While Gujarat’s political ascendancy has contributed substantially to its economic upsurge, states such as Maharashtra must also introspect. The Enron power project in the 1990s once seen as an exemplar of the early liberalisation blueprint was mired in allegations of bribery and corruption, leading to re-negotiation and a severe credibility crisis for Maharashtra Inc.
More recently, several key infrastructure projects have been stuck because of fiercely competitive politics; the bitter fight between the Shiv Sena and the BJP over the Aarey metro car shed development is a classic example.
Where a stable single-party rule in Gujarat over the last 25 years has ensured swiftness and confidence in decision-making, coalition experiments in Maharashtra have led to uncertainty, compromises and delays in project execution.

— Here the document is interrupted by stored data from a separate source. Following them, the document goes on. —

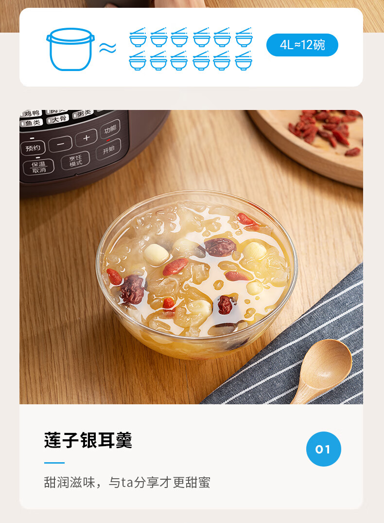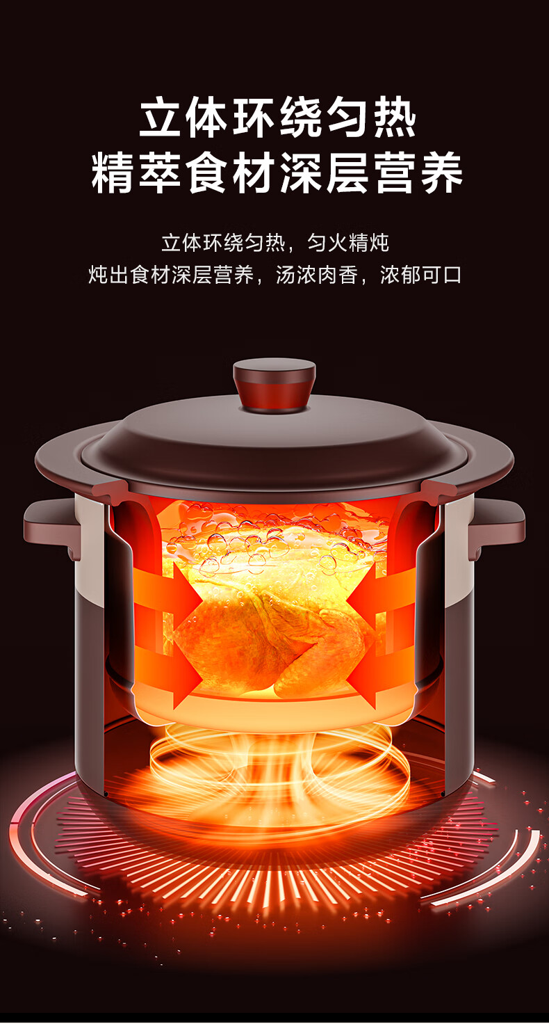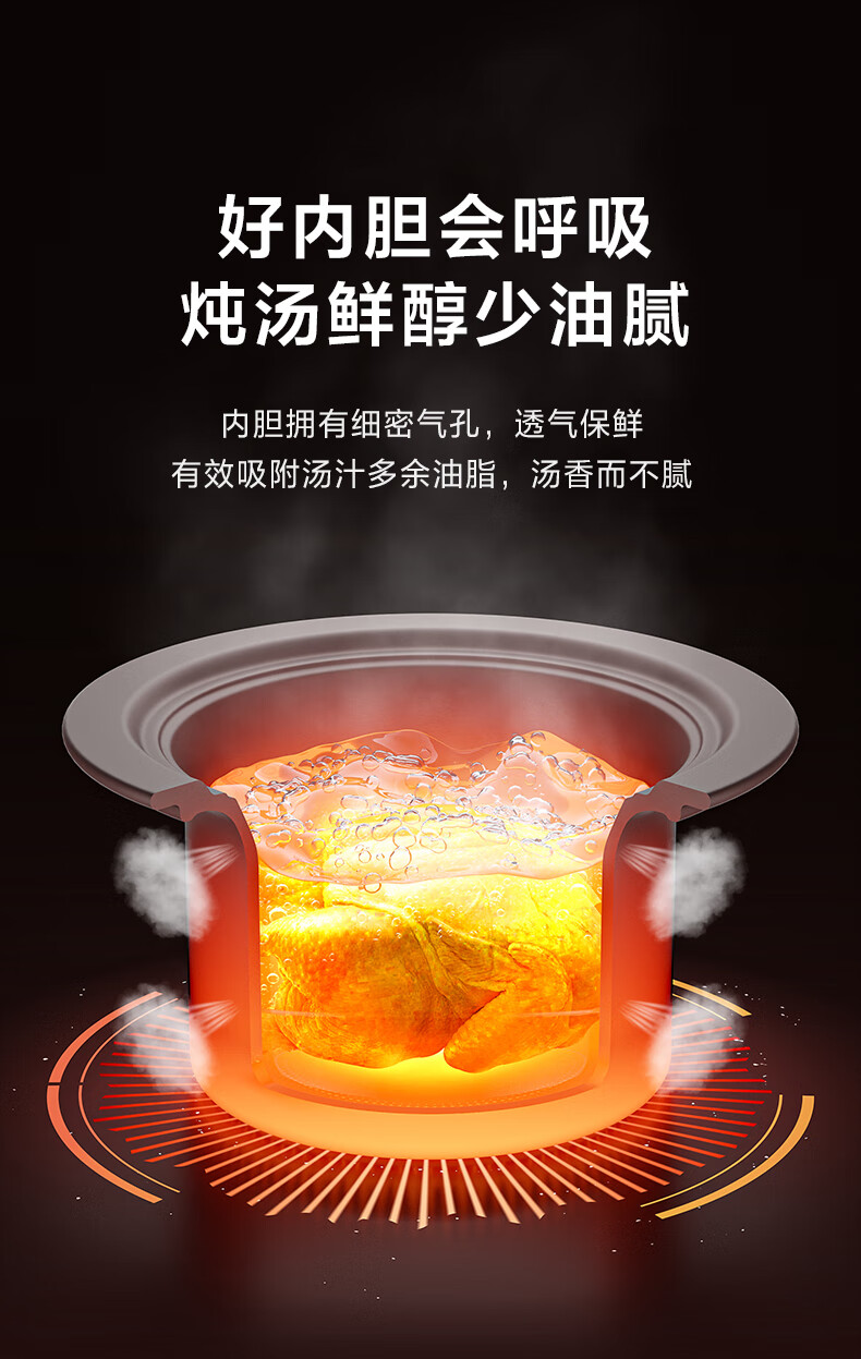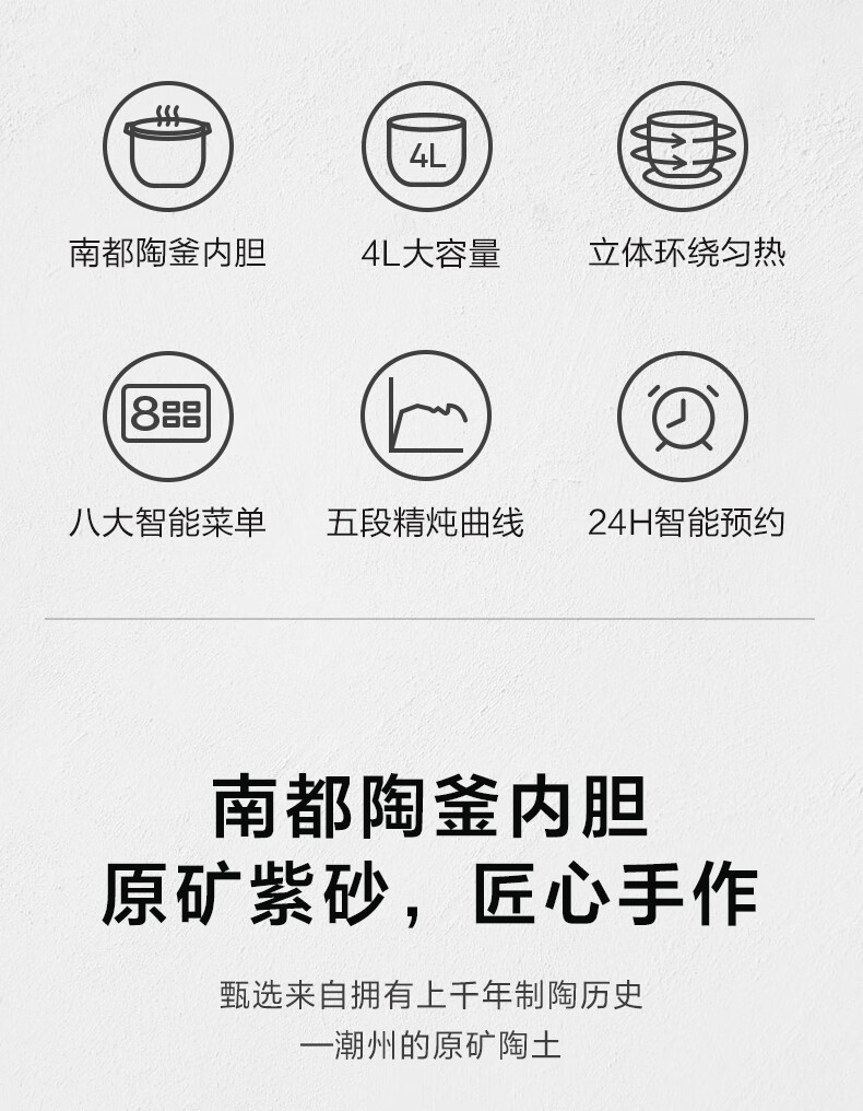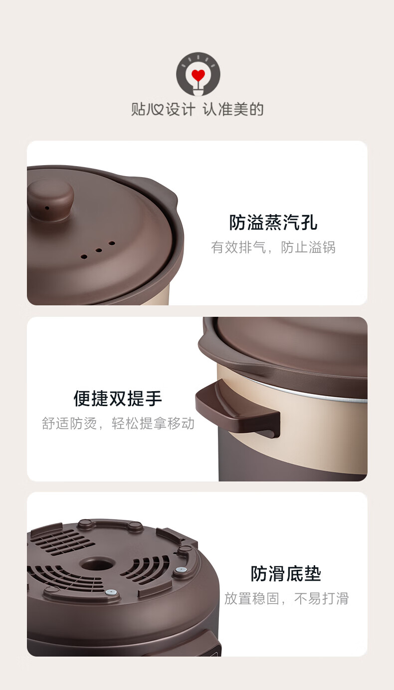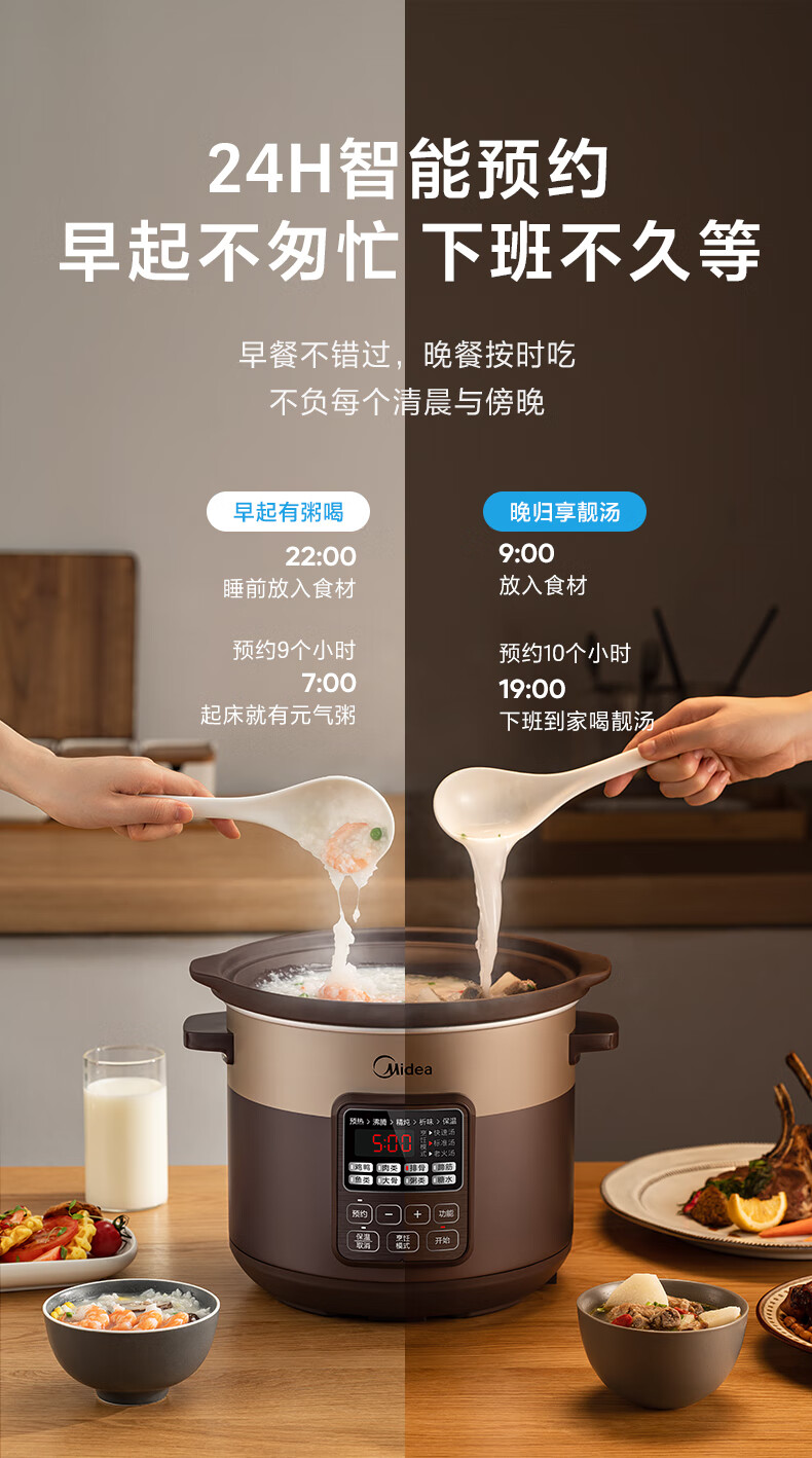 美的(Midea)电炖锅电炖盅养生锅4L大容量南都陶釜内胆陶瓷煲汤煮粥电砂锅家用预约全自动WTGS401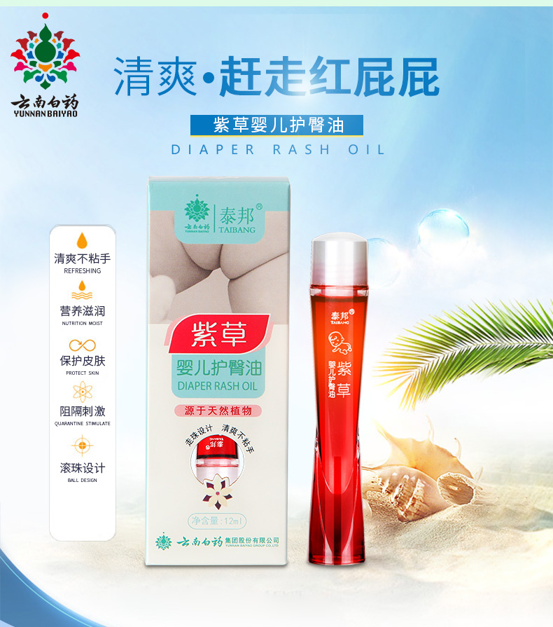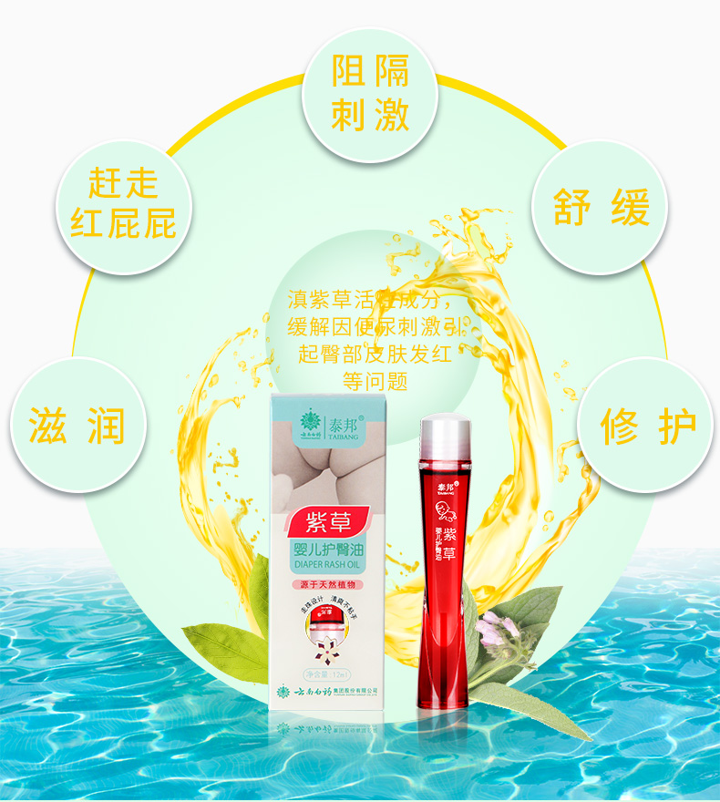 云南白药泰邦护臀油新生儿 婴儿紫草油天然正品护臀膏滚珠红屁屁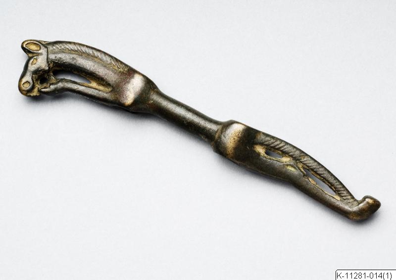Cheek-piece, for a horse bridle, in the shape of an attenuated racing horse. Pierced by two holes,one at the shoulder, the other at the haunch. The divided ends of a headstall cheek strap would pass ...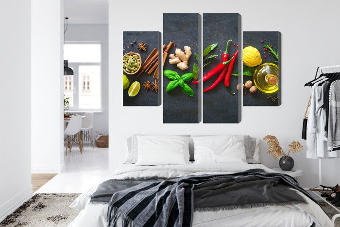 SilentDirects ljuddämpande tavla Fresh aromatic spices kombinerar ett högupplöst motiv med avancerad akustikteknik. Varje tavla monteras i Sverige och bygger på en stabil canvastavla med fururam, där insidan av ramen fylls med en ljudabsorberande kärna av återvunnen polyester. Konstruktionen gör tavlan till ett både estetiskt och funktionellt inslag i rummet.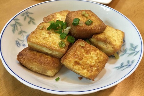 3、豆腐块晾干水分,锅中加油稍加热,放入豆腐小火煎,洒上少许椒盐;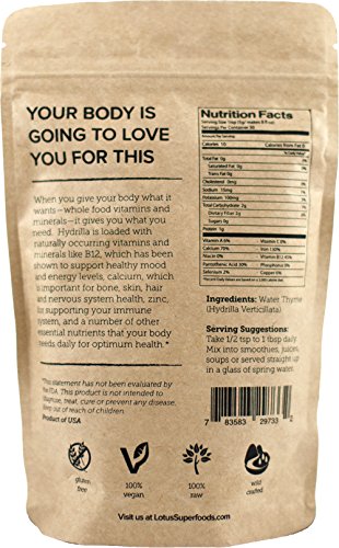 -. Feature : INCREASED ENERGY, MOOD, MENTAL PERFORMANCE & MEMORY - Hydrilla Verticillata green superfood powder is loaded with a full spectrum of B Vitamins, especially the hard to get Vitamin B12, which are critical for healthy energy levels, positive mood, brain function and all around nervous system health and functioning. / GET THE NUTRITION OF 2 POUNDS OF VEGETABLES IN EVERY TEASPOON - Hydrilla Verticillata is a powerful, nutrient-dense, whole green superfood with extraordinarily high levels of the essential nutrients your body needs every day to thrive. Each teaspoon of Hydrilla is on average nutritionally equivalent to eating two pounds of vegetables and greens. Supplement the missing nutrients in your diet with with this powerful whole food. / LOADED WITH WHOLE FOOD VITAMINS, MINERALS, ANTIOXIDANTS AND MORE - The naturally occurring whole food nutrients in Hydrilla Verticillata are completely bioavailable, meaning your body can fully utilize them to meet its daily needs-unlike synthetic vitamin and mineral supplements, which are poorly absorbed. / HIGH IN CALCIUM - SUPPORTS IMMUNE, BONE, HAIR AND SKIN HEALTH - Hydrilla Verticillata contains more Calcium than any other food on the planet and is rich in many different minerals, vitamins and antioxidants that have been shown in numerous studies to be important for immune system health, detoxification and strengthening of bones, hair skin and nails, making it one of the planet's elite superfoods. / 100% PURE GREEN SUPERFOOD | VEGAN | RAW | GLUTEN FREE | WILDCRAFTED - Our Hydrilla Verticillata superfood powder is 100% pure, US grown/wildcrafted and low temperature dried to preserve delicate natural nutrients in the plant. Plus, Hydrilla has a mild earthy taste and has tested free of heavy metals, chemicals, pesticides, etc.
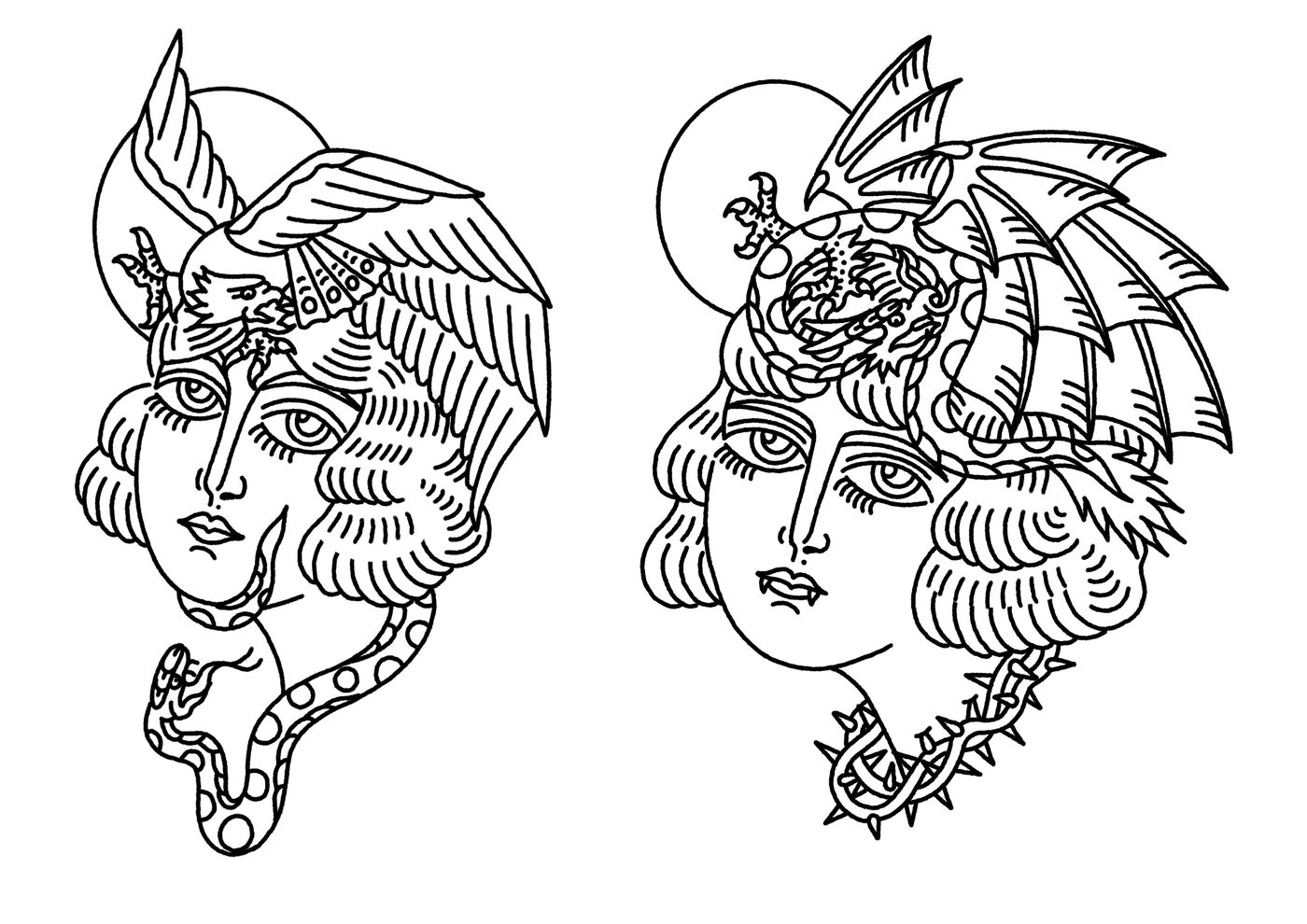 Lady heads with animals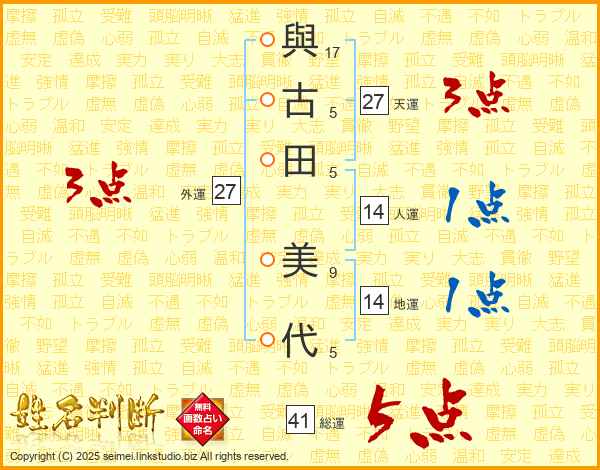與(17画)古(5画)田(5画) 美(9画)代(5画)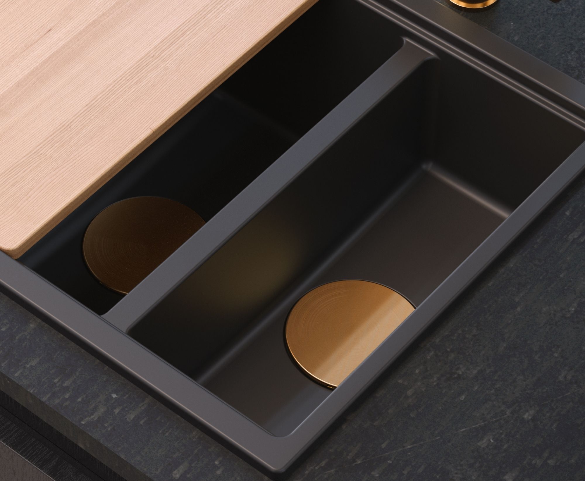 Nakładka pełni podwójną rolę — chroni odpływ oraz stanowi luksusowy akcent dekoracyjny, który wzbogaca wygląd całej kuchni. Ciepły, miedziany kolor w połączeniu z wysoką jakością wykonania podkreśla elegancję i unikatowy styl, czyniąc zlewozmywak nie tylko funkcjonalnym, ale i wyjątkowo efektownym elementem wyposażenia.

But while Gujarat can take pride in its economic resurgence, the much-hyped Gujarat model is driven by an excessive centralised approach, not in sync with the plural character of Indian federalism.
In his Independence Day speech, the PM called for “cooperative competitive federalism” where states seek to outshine each other on the development front. But fair competition demands that the Centre nurture a transparent, level playing field and not a partisan political environment skewed in favour of double-engine BJP-ruled states, as alleged by some states. States should compete for investment based on objective economic factors.
Opposition-run states believe they are on notice from central agencies and being routinely destabilised. The overarching political ambition to create an Opposition-mukt (free) Bharat might be part of the BJP’s quest for long-term supremacy, but it also creates more friction points of suspicion and resentment, instead of genuine cooperative federalism.
One may claim that Gujarat is given priority even in non-business-related problems. Why, for instance, are important world leaders urged to travel to Gandhinagar rather than other capitals? As governor of Gujarat, Modi served as the state’s CEO. As prime minister, he leads Team India.